Artık lucido'ün İtalyan içindeki anlamı hakkında daha fazla bilgi sahibi olduğunuza göre, seçilen örnekler aracılığıyla bunların nasıl kullanılacağını ve nasıl yapılacağını öğrenebilirsiniz. onları okuyun. Ve önerdiğimiz ilgili kelimeleri öğrenmeyi unutmayın. Web sitemiz sürekli olarak yeni kelimeler ve yeni örneklerle güncellenmektedir, böylece bilmediğiniz diğer kelimelerin anlamlarını İtalyan içinde arayabilirsiniz.

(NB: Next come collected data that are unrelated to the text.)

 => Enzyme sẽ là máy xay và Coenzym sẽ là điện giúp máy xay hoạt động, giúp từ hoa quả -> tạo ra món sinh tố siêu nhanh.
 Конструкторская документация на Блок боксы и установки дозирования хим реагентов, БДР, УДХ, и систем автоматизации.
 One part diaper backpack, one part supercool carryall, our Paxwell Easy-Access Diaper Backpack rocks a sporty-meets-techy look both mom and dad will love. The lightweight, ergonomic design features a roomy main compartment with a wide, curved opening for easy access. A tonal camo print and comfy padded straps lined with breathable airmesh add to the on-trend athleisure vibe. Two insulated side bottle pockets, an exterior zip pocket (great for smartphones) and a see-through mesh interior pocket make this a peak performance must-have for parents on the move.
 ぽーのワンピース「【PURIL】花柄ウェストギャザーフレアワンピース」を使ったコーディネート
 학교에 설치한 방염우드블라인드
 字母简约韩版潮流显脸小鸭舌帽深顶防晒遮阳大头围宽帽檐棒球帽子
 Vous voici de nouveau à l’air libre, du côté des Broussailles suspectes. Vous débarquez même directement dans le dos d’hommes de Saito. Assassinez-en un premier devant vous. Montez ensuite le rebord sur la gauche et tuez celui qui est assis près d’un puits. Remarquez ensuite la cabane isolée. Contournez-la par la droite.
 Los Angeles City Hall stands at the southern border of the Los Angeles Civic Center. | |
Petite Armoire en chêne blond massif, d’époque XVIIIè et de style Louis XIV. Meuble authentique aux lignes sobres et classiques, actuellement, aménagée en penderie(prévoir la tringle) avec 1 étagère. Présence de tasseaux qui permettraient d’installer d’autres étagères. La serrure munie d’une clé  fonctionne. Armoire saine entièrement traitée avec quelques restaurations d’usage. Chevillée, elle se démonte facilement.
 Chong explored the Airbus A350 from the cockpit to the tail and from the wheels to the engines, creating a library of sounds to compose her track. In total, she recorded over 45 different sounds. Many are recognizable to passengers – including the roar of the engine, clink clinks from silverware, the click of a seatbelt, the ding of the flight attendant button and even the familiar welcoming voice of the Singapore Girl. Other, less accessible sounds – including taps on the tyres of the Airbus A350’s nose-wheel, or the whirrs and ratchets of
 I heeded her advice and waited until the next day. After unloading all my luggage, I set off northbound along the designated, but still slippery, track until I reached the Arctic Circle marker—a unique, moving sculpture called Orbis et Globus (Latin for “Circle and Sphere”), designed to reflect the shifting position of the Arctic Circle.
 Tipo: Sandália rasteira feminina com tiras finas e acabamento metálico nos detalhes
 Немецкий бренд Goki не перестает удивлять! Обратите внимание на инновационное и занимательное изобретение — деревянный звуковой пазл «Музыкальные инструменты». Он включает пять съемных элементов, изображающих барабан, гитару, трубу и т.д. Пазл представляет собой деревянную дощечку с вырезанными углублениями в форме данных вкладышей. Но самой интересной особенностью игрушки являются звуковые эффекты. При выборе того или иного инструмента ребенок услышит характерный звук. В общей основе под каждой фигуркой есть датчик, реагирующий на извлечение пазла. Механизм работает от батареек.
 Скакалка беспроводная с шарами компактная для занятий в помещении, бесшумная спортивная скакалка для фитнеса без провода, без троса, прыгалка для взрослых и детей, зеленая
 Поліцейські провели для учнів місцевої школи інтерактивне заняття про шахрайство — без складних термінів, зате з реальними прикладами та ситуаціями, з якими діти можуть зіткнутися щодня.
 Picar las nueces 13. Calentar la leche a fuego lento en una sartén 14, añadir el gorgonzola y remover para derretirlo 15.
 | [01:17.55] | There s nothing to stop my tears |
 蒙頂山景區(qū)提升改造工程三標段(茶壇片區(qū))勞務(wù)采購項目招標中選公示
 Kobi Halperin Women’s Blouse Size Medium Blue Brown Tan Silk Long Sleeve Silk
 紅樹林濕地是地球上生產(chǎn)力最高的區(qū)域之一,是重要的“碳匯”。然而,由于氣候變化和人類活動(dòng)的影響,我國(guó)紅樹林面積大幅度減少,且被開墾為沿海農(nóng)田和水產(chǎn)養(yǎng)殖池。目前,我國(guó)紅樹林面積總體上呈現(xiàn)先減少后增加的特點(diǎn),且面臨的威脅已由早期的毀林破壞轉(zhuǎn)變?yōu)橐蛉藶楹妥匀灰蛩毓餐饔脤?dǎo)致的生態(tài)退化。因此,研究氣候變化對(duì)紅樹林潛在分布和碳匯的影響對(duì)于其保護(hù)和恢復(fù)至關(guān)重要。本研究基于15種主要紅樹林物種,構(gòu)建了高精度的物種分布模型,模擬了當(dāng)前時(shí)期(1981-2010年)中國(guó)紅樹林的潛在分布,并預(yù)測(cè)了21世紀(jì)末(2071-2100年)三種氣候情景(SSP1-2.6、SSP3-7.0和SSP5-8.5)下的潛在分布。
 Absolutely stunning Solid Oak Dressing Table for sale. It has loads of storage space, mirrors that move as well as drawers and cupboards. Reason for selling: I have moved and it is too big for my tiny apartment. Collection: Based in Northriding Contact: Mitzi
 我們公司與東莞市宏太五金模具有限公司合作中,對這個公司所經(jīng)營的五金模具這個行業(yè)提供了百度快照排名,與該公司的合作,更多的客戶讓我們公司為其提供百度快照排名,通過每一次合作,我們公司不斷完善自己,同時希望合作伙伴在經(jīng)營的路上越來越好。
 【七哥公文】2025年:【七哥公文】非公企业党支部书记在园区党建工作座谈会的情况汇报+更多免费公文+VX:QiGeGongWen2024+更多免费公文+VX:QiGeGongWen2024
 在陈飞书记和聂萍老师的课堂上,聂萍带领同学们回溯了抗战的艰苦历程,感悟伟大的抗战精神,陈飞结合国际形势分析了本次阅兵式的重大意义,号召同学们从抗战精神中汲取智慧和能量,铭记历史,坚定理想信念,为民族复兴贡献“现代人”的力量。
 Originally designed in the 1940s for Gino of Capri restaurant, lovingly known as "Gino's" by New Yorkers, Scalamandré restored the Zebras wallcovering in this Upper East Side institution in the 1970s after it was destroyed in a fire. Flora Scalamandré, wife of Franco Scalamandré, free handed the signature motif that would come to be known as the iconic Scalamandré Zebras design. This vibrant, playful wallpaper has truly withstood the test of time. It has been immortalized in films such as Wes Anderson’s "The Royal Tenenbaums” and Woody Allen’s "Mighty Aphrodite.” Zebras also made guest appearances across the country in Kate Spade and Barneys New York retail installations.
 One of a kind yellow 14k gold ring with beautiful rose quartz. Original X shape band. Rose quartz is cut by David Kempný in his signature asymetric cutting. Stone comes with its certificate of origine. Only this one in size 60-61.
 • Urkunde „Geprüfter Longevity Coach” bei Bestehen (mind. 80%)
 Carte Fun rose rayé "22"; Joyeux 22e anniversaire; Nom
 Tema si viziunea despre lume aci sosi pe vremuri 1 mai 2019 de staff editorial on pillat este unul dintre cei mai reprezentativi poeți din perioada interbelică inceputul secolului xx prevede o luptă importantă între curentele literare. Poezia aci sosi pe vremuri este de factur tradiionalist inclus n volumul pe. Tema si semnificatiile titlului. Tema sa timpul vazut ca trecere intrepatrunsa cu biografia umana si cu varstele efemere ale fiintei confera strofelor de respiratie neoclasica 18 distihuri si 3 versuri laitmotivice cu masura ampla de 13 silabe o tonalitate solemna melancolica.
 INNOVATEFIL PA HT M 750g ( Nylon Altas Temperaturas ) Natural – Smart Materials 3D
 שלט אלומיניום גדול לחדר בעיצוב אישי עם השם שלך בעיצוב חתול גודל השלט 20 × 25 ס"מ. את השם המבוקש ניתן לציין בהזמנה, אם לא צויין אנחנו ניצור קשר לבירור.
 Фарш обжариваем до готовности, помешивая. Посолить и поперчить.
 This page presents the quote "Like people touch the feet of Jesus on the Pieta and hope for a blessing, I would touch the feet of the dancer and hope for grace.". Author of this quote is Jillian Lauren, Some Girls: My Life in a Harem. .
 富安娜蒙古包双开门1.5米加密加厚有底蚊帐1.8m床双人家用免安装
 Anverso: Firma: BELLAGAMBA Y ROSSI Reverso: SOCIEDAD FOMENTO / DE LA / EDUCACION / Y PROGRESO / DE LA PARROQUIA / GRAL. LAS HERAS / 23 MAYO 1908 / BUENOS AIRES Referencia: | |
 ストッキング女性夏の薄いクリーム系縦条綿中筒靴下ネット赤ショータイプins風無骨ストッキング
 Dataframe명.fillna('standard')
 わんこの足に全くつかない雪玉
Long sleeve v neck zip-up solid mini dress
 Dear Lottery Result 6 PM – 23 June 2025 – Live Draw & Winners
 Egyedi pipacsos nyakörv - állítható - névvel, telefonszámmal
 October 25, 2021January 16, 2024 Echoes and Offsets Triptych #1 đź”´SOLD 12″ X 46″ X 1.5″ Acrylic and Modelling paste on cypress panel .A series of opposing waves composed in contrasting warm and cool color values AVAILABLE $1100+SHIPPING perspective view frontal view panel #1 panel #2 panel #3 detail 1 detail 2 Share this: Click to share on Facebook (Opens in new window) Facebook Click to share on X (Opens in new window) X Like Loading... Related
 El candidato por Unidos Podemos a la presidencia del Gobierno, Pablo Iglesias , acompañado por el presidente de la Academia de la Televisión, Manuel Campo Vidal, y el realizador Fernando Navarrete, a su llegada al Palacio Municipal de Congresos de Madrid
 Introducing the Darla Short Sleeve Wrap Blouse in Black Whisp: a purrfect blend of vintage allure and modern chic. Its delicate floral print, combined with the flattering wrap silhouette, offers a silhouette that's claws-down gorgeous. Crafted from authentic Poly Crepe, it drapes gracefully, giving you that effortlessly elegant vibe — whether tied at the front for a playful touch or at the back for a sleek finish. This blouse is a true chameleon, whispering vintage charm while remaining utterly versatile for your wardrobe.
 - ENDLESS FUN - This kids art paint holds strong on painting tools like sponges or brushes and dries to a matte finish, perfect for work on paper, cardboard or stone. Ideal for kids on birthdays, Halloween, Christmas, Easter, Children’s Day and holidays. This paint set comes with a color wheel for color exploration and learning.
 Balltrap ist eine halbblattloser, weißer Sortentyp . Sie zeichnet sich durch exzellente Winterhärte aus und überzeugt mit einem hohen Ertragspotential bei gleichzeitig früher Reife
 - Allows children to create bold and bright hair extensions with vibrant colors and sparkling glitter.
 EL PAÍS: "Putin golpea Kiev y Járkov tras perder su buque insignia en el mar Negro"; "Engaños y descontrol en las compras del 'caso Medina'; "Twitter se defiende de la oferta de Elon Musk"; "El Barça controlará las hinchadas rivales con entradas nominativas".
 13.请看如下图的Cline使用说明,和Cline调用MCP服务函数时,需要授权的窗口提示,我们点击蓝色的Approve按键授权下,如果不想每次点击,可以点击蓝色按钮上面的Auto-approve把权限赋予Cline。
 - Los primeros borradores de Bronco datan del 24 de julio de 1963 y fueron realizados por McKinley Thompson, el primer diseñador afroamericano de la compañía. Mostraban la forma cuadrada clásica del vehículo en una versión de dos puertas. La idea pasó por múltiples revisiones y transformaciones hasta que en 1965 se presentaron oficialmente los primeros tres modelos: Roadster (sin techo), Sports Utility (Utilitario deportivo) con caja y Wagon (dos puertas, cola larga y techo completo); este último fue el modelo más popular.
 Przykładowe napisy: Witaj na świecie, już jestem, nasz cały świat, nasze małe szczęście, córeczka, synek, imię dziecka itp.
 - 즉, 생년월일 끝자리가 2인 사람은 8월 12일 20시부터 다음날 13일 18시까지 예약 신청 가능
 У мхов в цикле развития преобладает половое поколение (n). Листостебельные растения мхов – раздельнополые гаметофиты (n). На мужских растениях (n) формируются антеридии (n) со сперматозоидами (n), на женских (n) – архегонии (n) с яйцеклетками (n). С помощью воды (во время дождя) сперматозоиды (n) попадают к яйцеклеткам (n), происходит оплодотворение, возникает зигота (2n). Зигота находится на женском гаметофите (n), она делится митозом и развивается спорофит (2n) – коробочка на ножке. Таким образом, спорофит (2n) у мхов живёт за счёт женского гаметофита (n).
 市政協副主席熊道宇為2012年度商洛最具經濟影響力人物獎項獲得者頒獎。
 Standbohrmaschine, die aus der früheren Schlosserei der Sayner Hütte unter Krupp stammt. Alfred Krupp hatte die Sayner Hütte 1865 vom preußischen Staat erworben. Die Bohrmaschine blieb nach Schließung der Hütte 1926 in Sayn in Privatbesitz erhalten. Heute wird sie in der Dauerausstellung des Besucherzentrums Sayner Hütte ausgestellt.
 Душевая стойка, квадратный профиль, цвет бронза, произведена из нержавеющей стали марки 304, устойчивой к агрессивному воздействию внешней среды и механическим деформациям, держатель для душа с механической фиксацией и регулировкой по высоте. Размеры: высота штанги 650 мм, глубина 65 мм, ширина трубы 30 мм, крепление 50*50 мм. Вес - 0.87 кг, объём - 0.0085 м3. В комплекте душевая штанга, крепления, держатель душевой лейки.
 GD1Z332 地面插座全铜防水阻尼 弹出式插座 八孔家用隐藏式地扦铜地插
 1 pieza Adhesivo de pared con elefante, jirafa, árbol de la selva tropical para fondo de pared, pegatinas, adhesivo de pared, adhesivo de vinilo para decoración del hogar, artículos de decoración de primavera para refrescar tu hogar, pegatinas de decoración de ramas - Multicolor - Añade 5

İtalyan hakkında bilginiz var mı

İtalyan (italiano) bir Roman dilidir ve çoğu İtalya'da yaşayan yaklaşık 70 milyon insan tarafından konuşulmaktadır. İtalyanca Latin alfabesini kullanır. J, K, W, X ve Y harfleri standart İtalyan alfabesinde yoktur, ancak yine de İtalyancadan ödünç alınan kelimelerde görünürler. İtalyanca, 67 milyon kişiyle (AB nüfusunun %15'i) Avrupa Birliği'nde en çok konuşulan ikinci dildir ve 13.4 milyon AB vatandaşı (%3) tarafından ikinci dil olarak konuşulmaktadır. İtalyanca, Vatikan'ın başlıca çalışma dilidir ve Roma Katolik hiyerarşisinde lingua franca olarak hizmet eder. İtalyanların yayılmasına yardımcı olan önemli bir olay, Napolyon'un 19. yüzyılın başlarında İtalya'yı fethi ve işgaliydi. Bu fetih, birkaç on yıl sonra İtalya'nın birleşmesini teşvik etti ve İtalyan dilinin dilini zorladı. İtalyanca, yalnızca sekreterler, aristokratlar ve İtalyan mahkemeleri arasında değil, aynı zamanda burjuvazi tarafından da kullanılan bir dil haline geldi.